Impossible meat is made from simple ingredients, including water, wheat protein, potato protein and coconut oil. One special ingredient — heme — contributes to the characteristic taste of meat and is the essential catalyst for all the other flavors when meat is cooked. Heme is an essential molecular building block of life, one of nature’s most ubiquitous molecules. Although it’s found in all living things and in virtually all the food we eat, it’s especially abundant in animal tissues. Impossible scientists discovered that it’s the abundance of heme in animal tissues that makes meat taste like meat.
To satisfy the global demand for meat at a fraction of the environmental impact, Impossible Foods developed a far more sustainable, scalable and affordable way to make heme and therefore meat, without the catastrophic environmental impact of livestock. The company engineers and ferments yeast to produce a heme protein naturally found in plants, called soy leghemoglobin. The heme in Impossible meat is identical to the essential heme humans have been consuming for hundreds of thousands of years in meat — and while it delivers all the craveable depth of beef, it uses far fewer resources.

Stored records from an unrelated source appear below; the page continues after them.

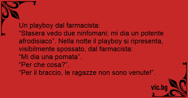 “Stasera vedo due ninfomani; mi dia un potente afrodisiaco”. Nella notte il рlаyвоy si ripresenta, visibilmente spossato, dal farmacista: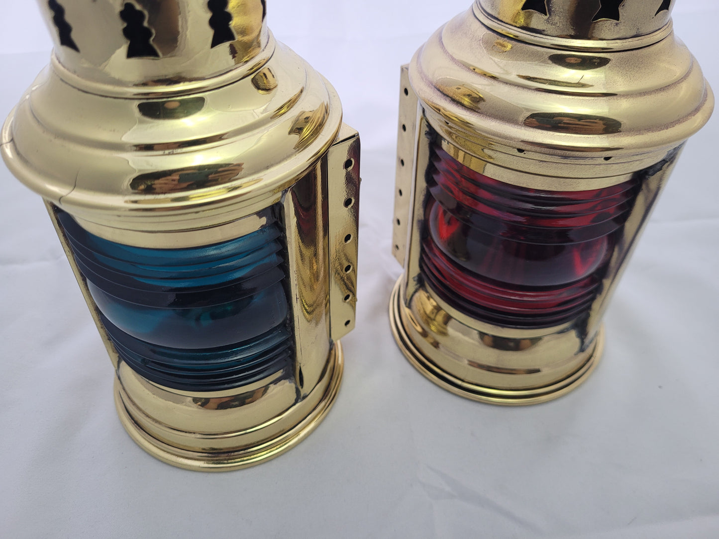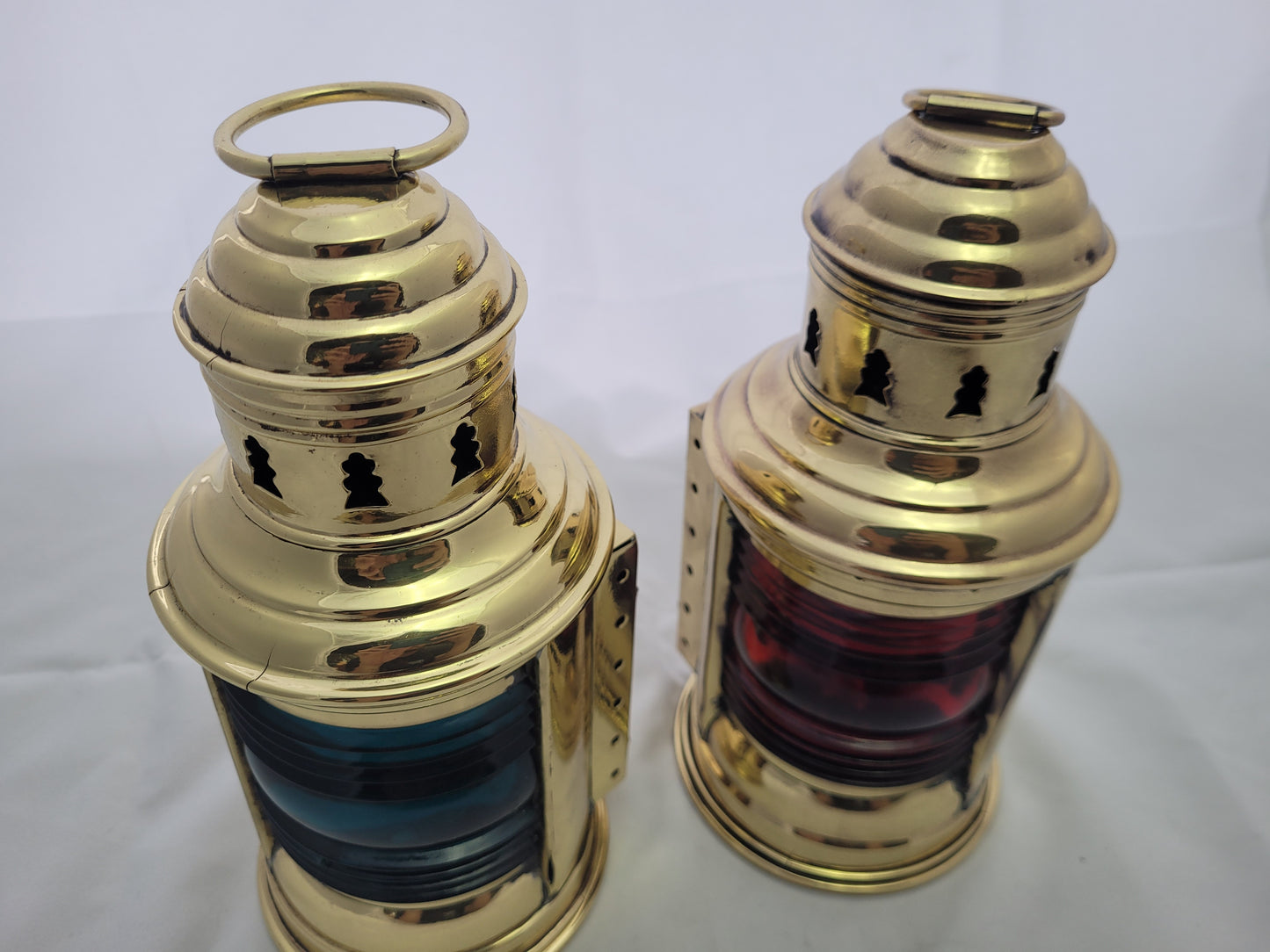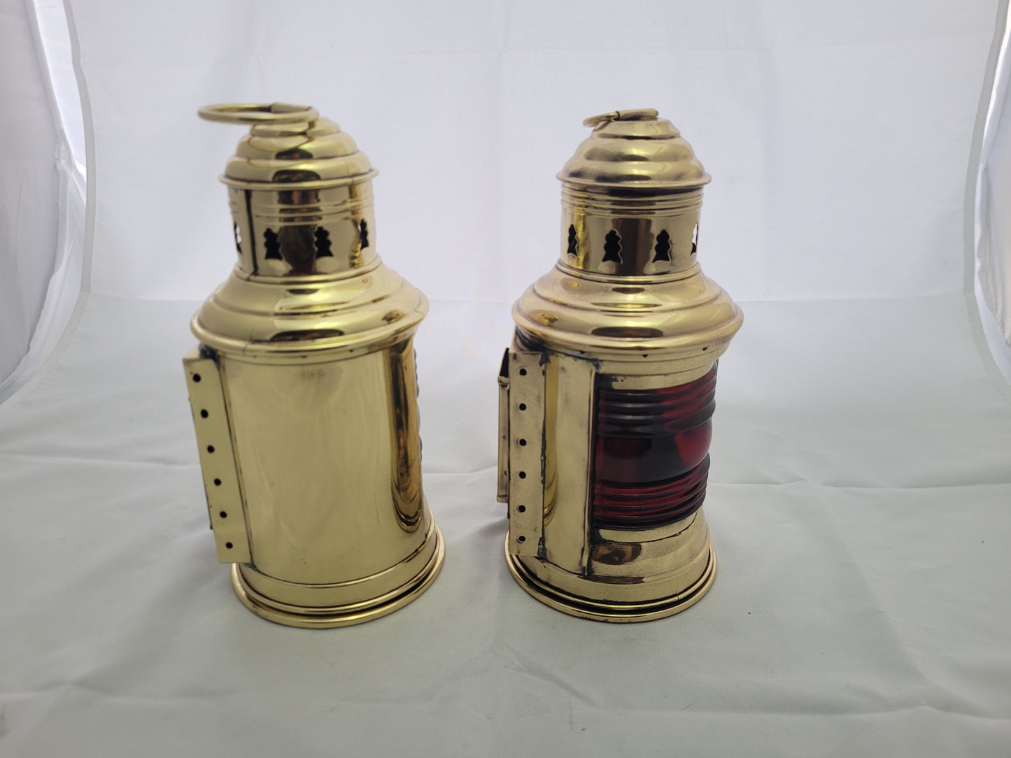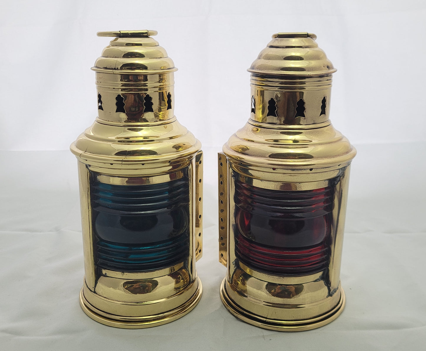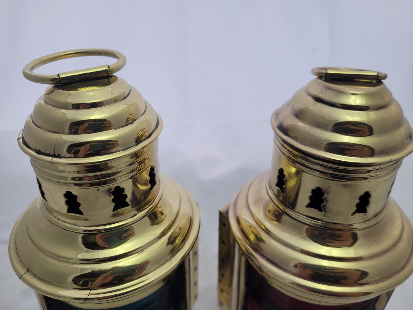 Pair of yacht lanterns with red and green Fresnel glass lenses. The brass has been meticulously polished and lacquered. With oil tanks inside. The lanterns are marked with makers name Perkins Marine Lamp Corporation "PERKO" of Brooklyn, New York. Early twentieth Century. awesome pair of antique ships lanterns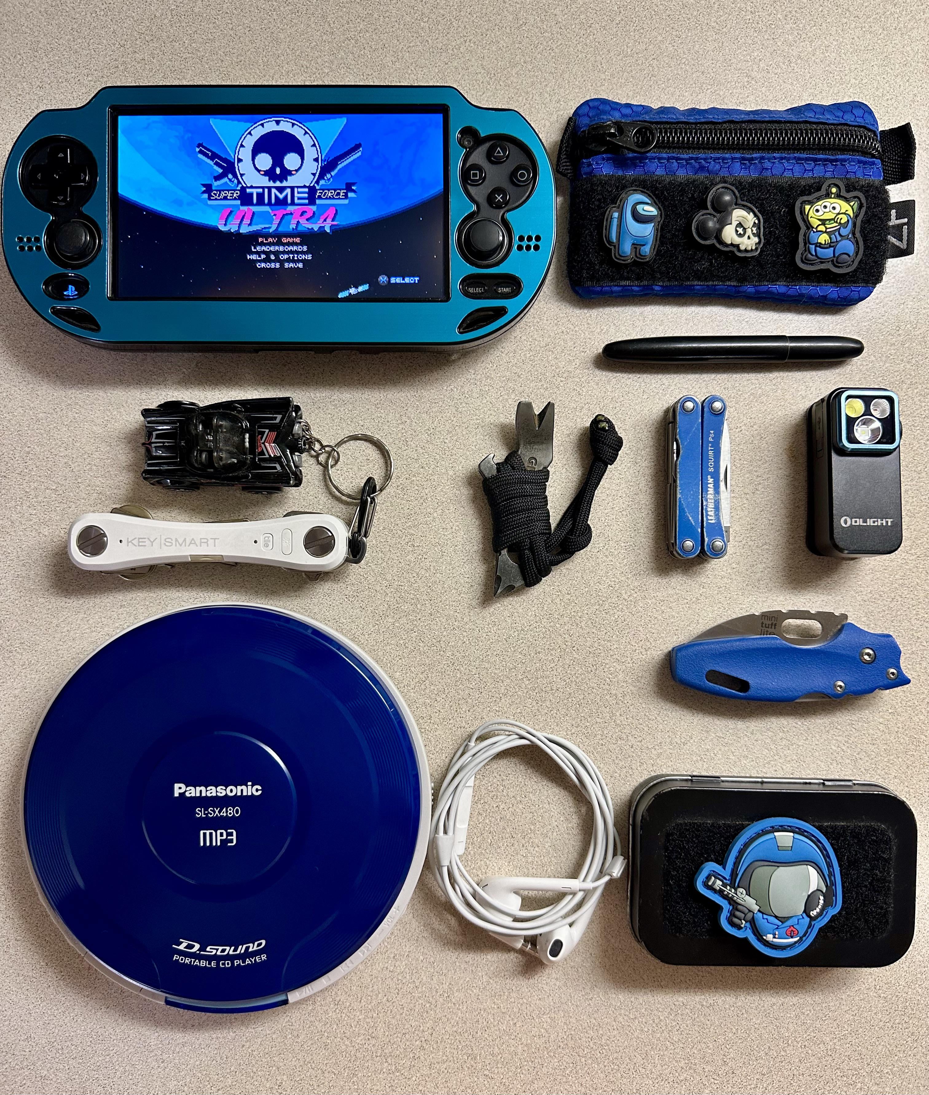 ZF pouch/wallet, wired EarPods, Cold Steel Mini Tuff Lite, storage tin, Panasonic SL-SX480 portable CD player with Metallica black album CD, KeySmart with Batmobile totem, Gerber Dime wrapped, Olight O clip Pro, LM Squirt Ps4, Fisher Space Bullet pen, PS Vita 1000

Impossible meat is produced without slaughterhouses, hormones, antibiotics, cholesterol or artificial flavors. It uses about 75% less water, generates about 87% fewer greenhouse gases, and requires around 95% less land than conventional ground beef from cows.
ABOUT IMPOSSIBLE FOODS
Based in California, USA, Impossible Foods makes delicious, nutritious meat and dairy products directly from plants -- with a much smaller environmental footprint than foods from animals. The privately held company was founded in 2011 by Patrick O. Brown, M.D., Ph.D., formerly a biochemistry professor and Howard Hughes Medical Institute investigator at Stanford University. Investors include Horizons Ventures, Khosla Ventures, Bill Gates, Google Ventures, UBS, Viking Global Investors, Temasek, Sailing Capital and Open Philanthropy Project.